__Collected data__:
-----

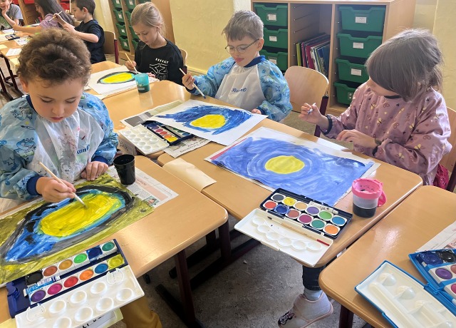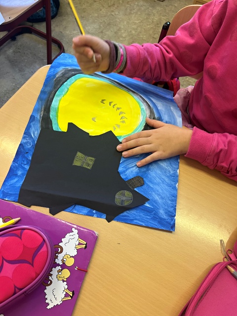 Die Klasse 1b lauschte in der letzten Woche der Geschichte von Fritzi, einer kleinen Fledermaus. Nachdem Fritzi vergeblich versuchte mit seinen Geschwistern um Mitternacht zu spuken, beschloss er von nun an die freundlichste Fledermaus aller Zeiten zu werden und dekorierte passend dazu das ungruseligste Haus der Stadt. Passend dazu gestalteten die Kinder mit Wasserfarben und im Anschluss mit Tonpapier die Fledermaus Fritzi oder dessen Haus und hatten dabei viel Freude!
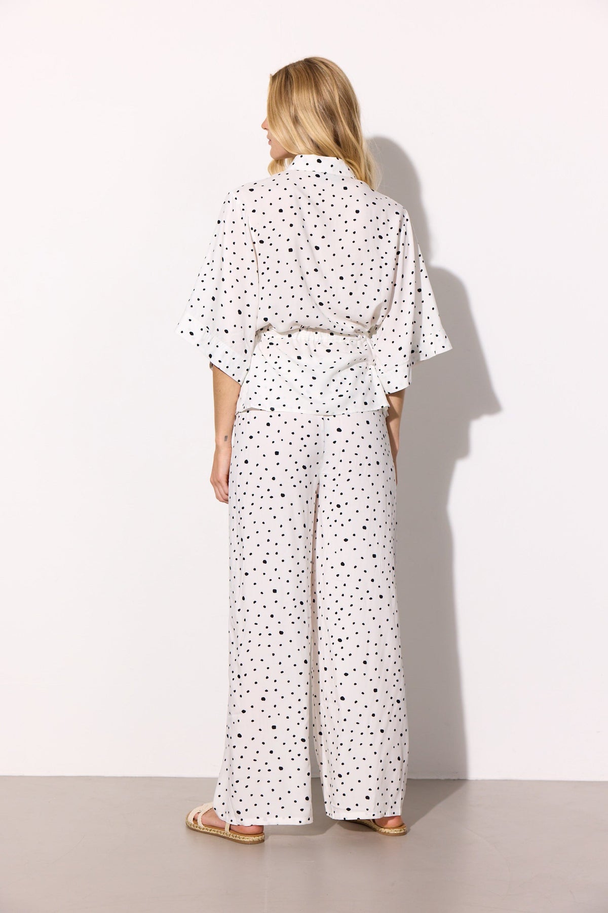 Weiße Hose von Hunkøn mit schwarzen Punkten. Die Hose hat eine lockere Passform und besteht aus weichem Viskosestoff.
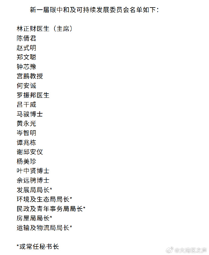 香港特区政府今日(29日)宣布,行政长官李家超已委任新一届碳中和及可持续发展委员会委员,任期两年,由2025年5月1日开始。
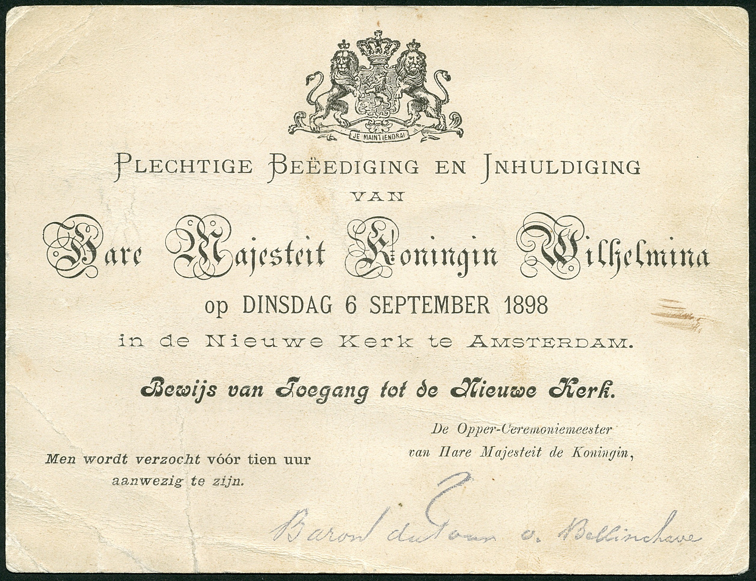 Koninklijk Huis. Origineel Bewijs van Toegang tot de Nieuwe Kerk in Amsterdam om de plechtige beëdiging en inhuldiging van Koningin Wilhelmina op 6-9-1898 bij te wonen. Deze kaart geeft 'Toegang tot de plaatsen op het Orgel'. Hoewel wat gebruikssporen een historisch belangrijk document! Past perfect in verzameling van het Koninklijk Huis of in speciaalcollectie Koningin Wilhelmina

-----

Output a faithful copy of the data, with each picture left out.

__Result__:
 Die Klasse 1b lauschte in der letzten Woche der Geschichte von Fritzi, einer kleinen Fledermaus. Nachdem Fritzi vergeblich versuchte mit seinen Geschwistern um Mitternacht zu spuken, beschloss er von nun an die freundlichste Fledermaus aller Zeiten zu werden und dekorierte passend dazu das ungruseligste Haus der Stadt. Passend dazu gestalteten die Kinder mit Wasserfarben und im Anschluss mit Tonpapier die Fledermaus Fritzi oder dessen Haus und hatten dabei viel Freude!
 Weiße Hose von Hunkøn mit schwarzen Punkten. Die Hose hat eine lockere Passform und besteht aus weichem Viskosestoff.
 香港特区政府今日(29日)宣布,行政长官李家超已委任新一届碳中和及可持续发展委员会委员,任期两年,由2025年5月1日开始。
 Koninklijk Huis. Origineel Bewijs van Toegang tot de Nieuwe Kerk in Amsterdam om de plechtige beëdiging en inhuldiging van Koningin Wilhelmina op 6-9-1898 bij te wonen. Deze kaart geeft 'Toegang tot de plaatsen op het Orgel'. Hoewel wat gebruikssporen een historisch belangrijk document! Past perfect in verzameling van het Koninklijk Huis of in speciaalcollectie Koningin Wilhelmina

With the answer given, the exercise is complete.